* _Given data_:

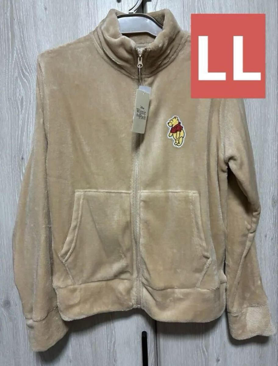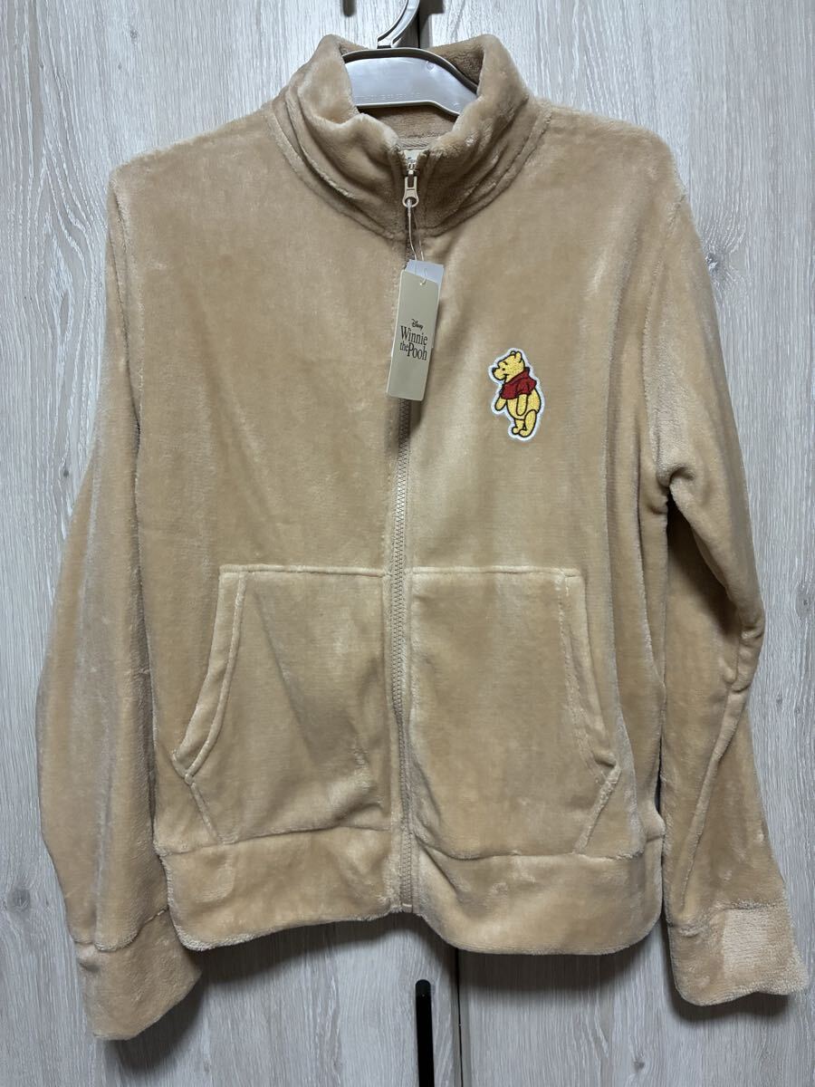 ディズニー プーさん刺繍が施された、柔らかいベージュのフリースジャケット。
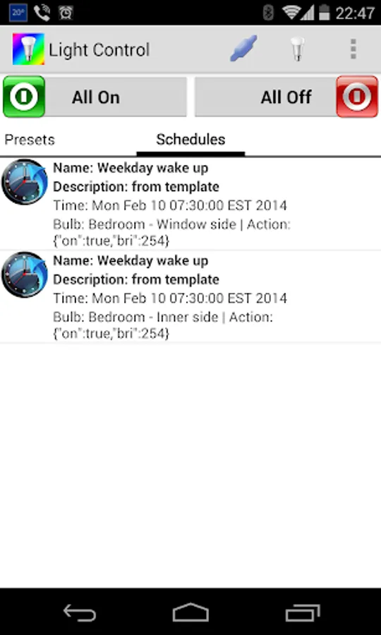 When you want to change the lights based on time mood, multiple presets can be executed at the same time if they don't have bulbs in common. If bulb in common exist the last activated preset will be the active one.
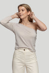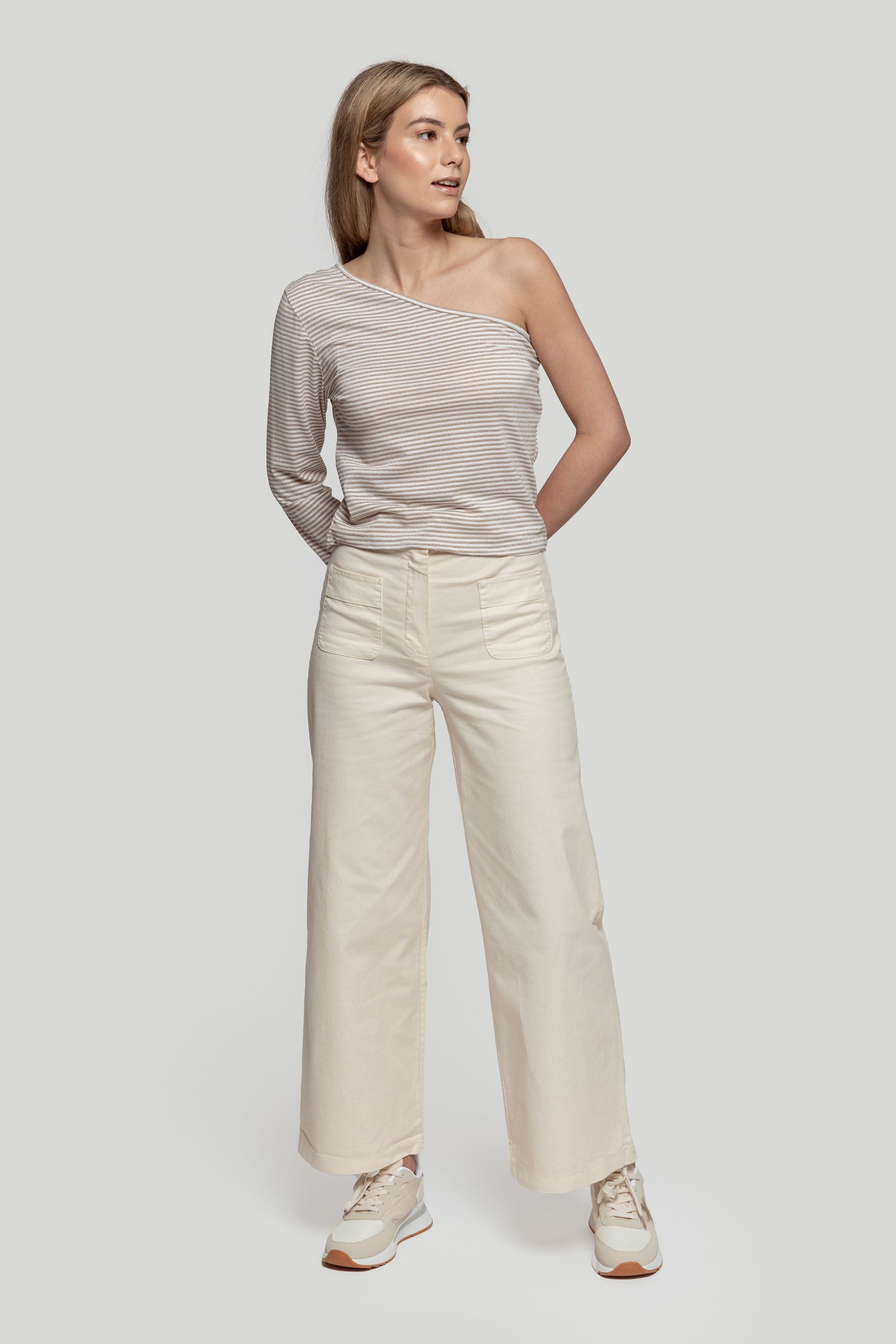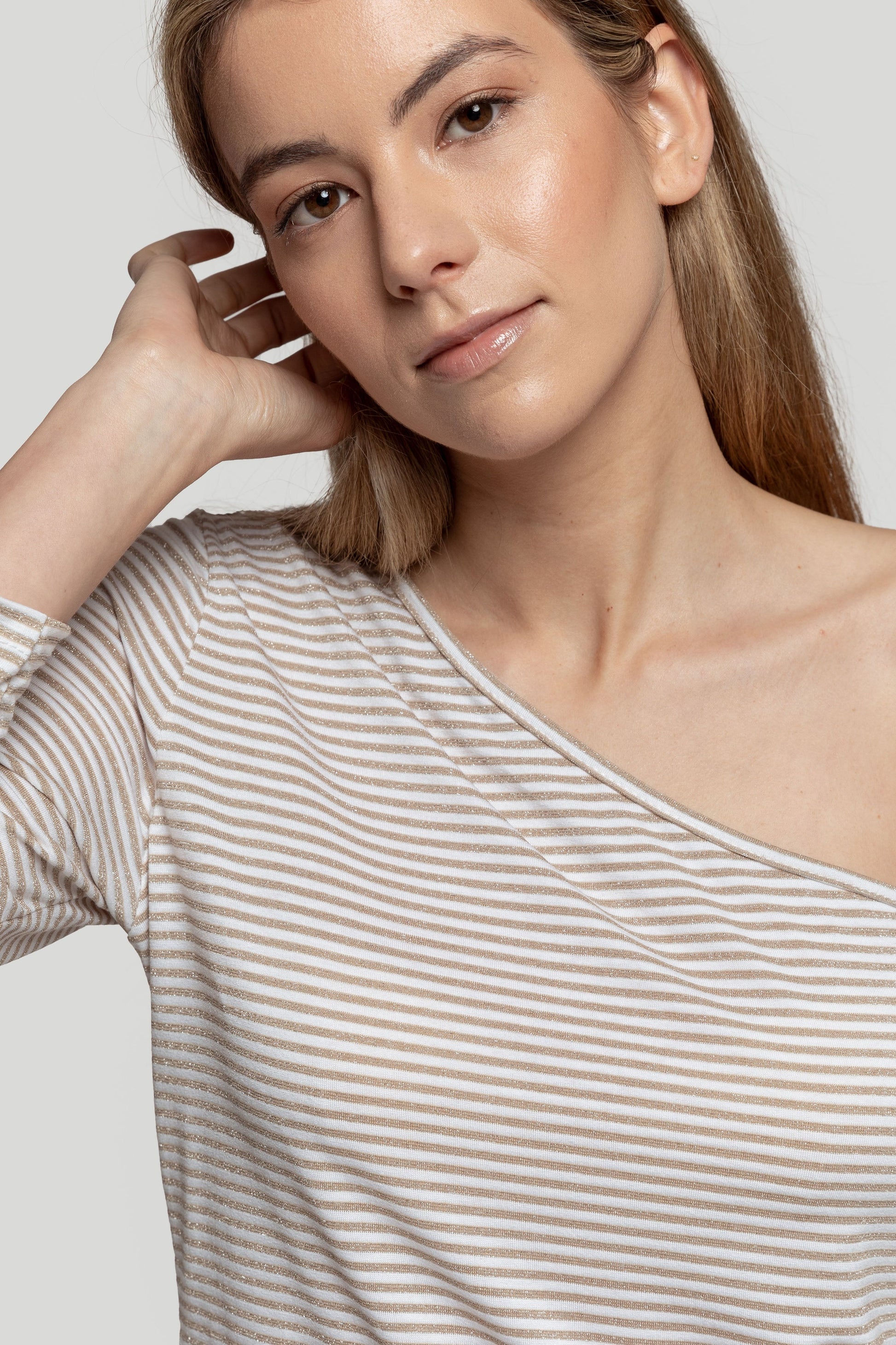 Camiseta de rayas. Tejido de acabado brillante. Diseño recto. Cuello asimétrico. Manga larga. Talla modelo: S. Altura modelo 1,70 m.

* _Assignment_:
Would you restate word for word each line from the one that holds "When you want" to the end of the material, both ends included, without the pictures?

* _Problem solution_:
 When you want to change the lights based on time mood, multiple presets can be executed at the same time if they don't have bulbs in common. If bulb in common exist the last activated preset will be the active one.
 Camiseta de rayas. Tejido de acabado brillante. Diseño recto. Cuello asimétrico. Manga larga. Talla modelo: S. Altura modelo 1,70 m.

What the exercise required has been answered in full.